### What is being asked
Please, without any pictures, set down exactly the part of the listing below that opens with the line containing "6. Tampil stylish" and closes with the line containing "Su sala circular".

### Data for analysis
---------------

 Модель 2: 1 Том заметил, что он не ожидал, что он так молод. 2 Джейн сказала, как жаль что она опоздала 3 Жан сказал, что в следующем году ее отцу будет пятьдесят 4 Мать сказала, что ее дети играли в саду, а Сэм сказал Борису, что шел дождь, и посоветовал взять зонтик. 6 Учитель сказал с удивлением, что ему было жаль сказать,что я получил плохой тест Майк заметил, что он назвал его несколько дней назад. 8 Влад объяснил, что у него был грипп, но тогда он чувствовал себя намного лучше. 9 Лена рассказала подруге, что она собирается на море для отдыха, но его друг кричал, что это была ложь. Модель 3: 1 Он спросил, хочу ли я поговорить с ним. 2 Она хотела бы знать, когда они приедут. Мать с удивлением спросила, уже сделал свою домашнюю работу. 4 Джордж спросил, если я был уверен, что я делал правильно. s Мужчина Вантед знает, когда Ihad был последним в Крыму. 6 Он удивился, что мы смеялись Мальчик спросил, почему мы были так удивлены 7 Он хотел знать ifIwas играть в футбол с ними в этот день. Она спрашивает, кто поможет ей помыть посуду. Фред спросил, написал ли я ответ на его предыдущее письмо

---------------

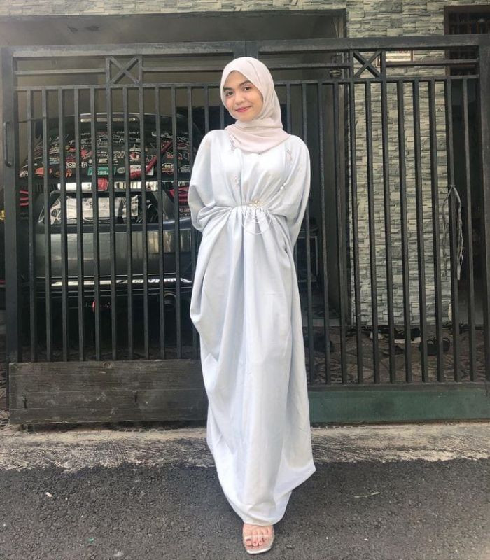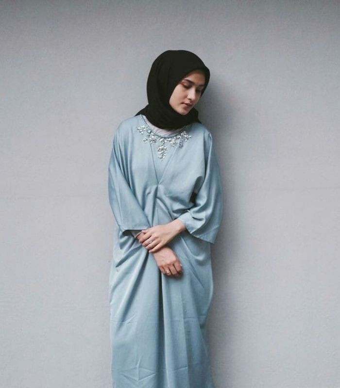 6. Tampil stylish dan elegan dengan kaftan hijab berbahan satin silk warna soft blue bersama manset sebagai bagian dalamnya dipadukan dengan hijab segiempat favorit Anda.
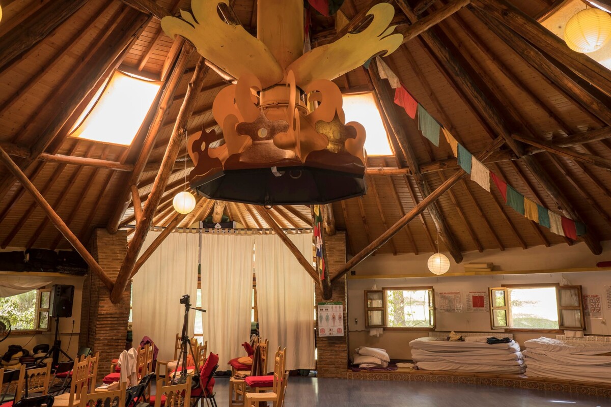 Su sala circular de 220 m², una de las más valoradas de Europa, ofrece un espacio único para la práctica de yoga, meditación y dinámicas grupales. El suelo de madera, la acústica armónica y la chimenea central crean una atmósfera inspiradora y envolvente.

---------------

### Exercise solution
 6. Tampil stylish dan elegan dengan kaftan hijab berbahan satin silk warna soft blue bersama manset sebagai bagian dalamnya dipadukan dengan hijab segiempat favorit Anda.
 Su sala circular de 220 m², una de las más valoradas de Europa, ofrece un espacio único para la práctica de yoga, meditación y dinámicas grupales. El suelo de madera, la acústica armónica y la chimenea central crean una atmósfera inspiradora y envolvente.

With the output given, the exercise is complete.